_THE TASK_
Using the records below, copy exactly the part that opens with the line holding "Koszulka personalizowana rodzinna" and closes with the line holding "報告還對2018年中國100", minus the pictures.

_THE RECORDS_
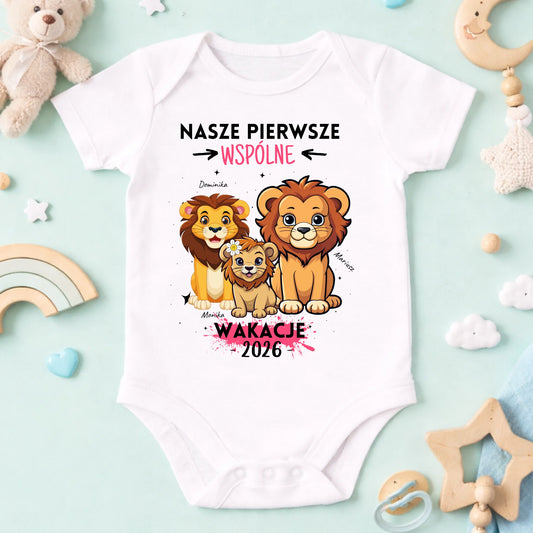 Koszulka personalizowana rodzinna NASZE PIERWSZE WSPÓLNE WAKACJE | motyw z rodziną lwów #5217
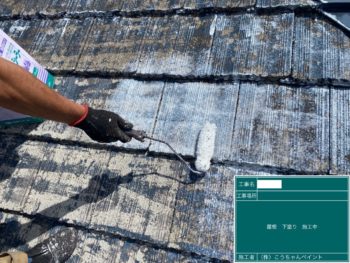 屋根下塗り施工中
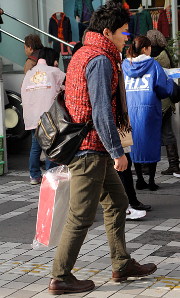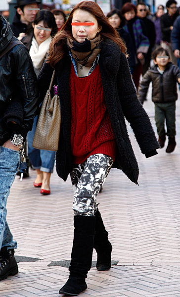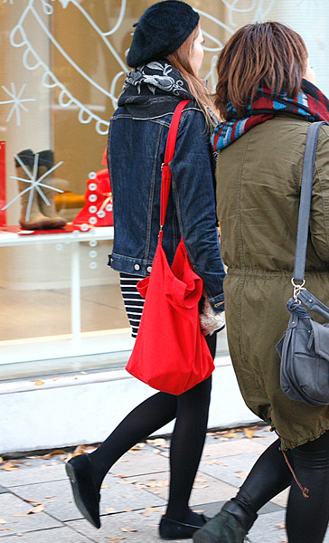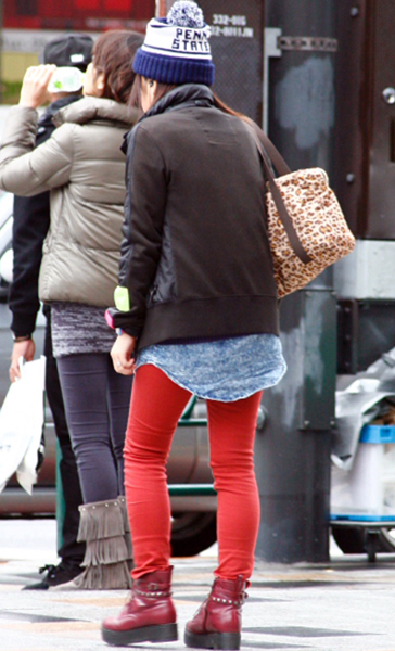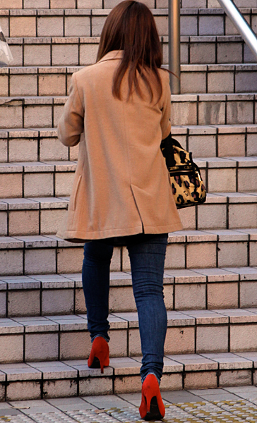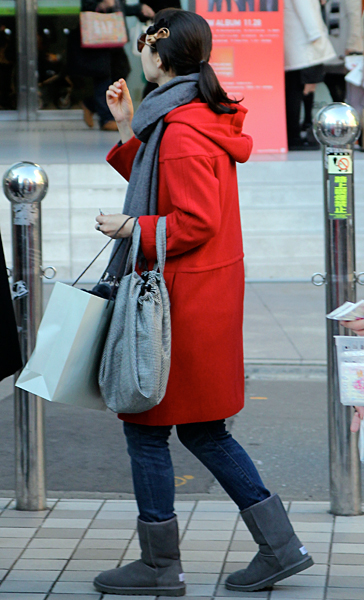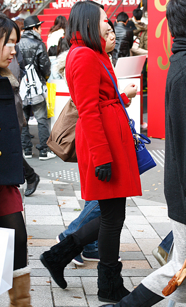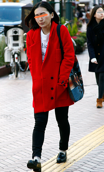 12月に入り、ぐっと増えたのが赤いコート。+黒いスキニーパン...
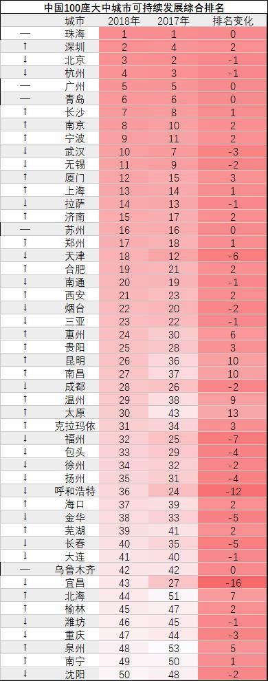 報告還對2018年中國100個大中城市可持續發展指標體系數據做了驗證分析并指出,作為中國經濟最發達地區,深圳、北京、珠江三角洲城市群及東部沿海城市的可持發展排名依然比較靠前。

--

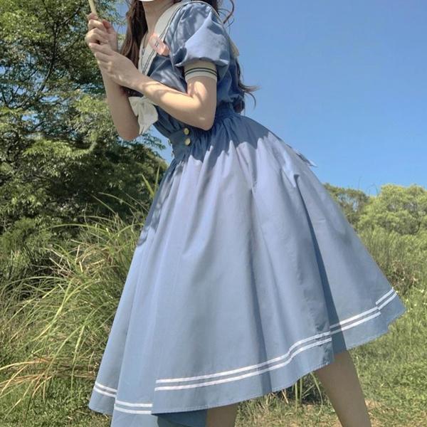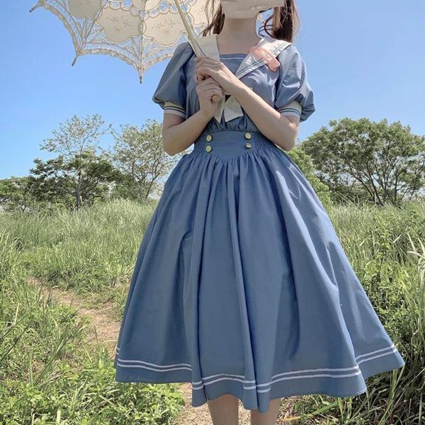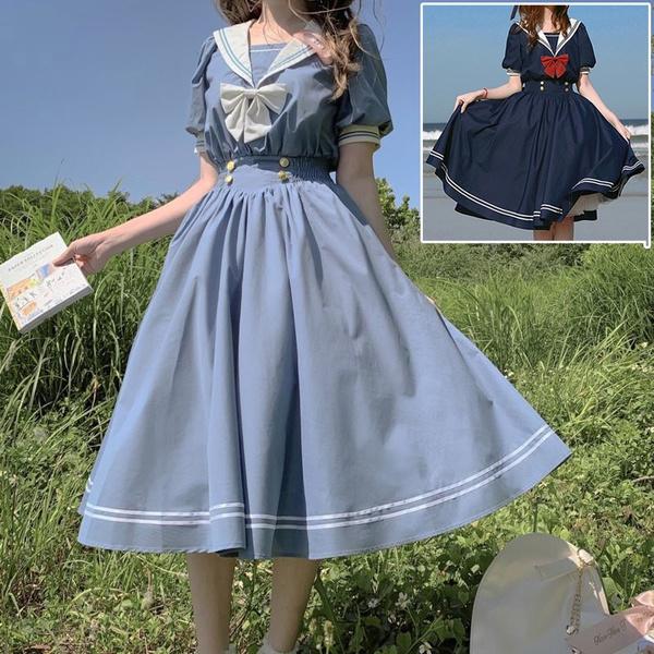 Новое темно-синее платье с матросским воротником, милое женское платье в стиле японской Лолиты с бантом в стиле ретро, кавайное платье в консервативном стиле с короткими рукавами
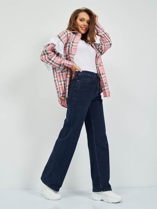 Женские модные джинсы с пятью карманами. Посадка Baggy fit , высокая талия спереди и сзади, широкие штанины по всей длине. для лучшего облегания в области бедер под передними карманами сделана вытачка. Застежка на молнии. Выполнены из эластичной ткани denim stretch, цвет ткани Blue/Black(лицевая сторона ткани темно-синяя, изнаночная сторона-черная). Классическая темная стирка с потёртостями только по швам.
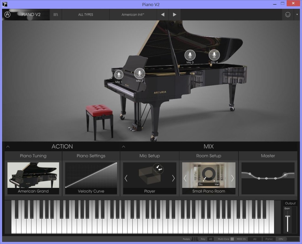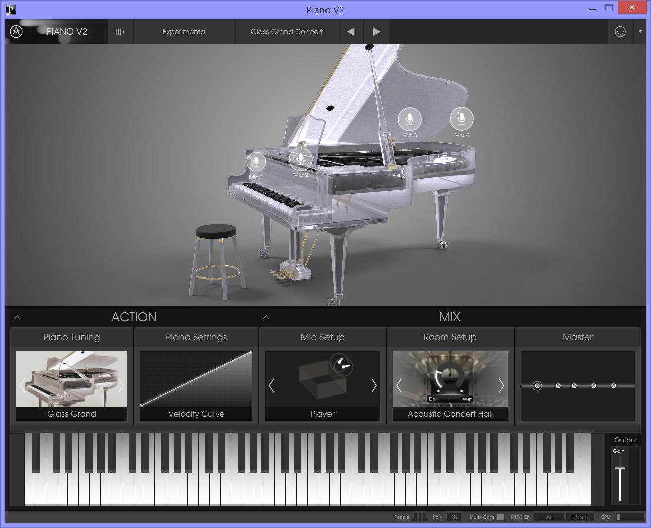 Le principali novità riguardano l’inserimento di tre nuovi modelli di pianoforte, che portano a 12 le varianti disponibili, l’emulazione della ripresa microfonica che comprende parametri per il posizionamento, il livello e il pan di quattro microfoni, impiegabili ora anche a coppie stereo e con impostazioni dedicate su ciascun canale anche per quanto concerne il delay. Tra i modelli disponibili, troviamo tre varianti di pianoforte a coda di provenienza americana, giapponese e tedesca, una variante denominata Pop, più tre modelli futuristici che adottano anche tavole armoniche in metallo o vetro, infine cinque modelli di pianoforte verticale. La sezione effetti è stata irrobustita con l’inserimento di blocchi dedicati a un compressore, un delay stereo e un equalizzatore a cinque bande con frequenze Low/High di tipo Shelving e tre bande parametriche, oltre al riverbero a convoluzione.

--

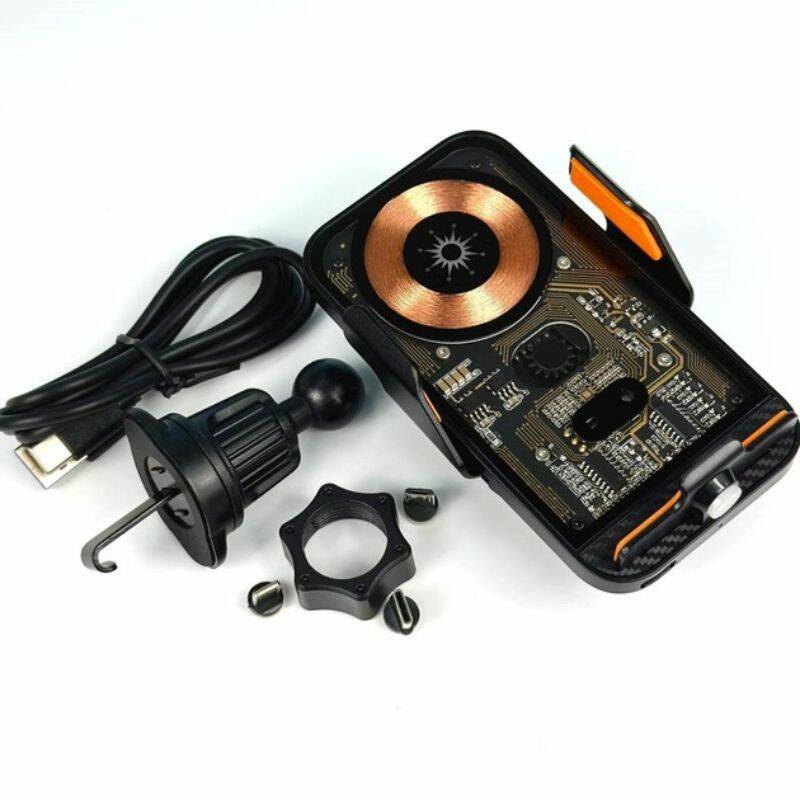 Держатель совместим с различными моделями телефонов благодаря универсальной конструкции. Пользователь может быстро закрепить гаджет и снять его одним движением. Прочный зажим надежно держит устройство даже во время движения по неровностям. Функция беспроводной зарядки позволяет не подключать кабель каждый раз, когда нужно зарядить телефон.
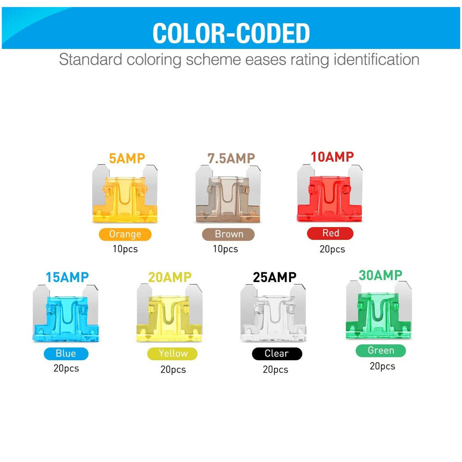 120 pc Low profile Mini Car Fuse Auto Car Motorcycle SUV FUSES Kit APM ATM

_EXPECTED ANSWER_
 Koszulka personalizowana rodzinna NASZE PIERWSZE WSPÓLNE WAKACJE | motyw z rodziną lwów #5217
 屋根下塗り施工中
 12月に入り、ぐっと増えたのが赤いコート。+黒いスキニーパン...
 報告還對2018年中國100個大中城市可持續發展指標體系數據做了驗證分析并指出,作為中國經濟最發達地區,深圳、北京、珠江三角洲城市群及東部沿海城市的可持發展排名依然比較靠前。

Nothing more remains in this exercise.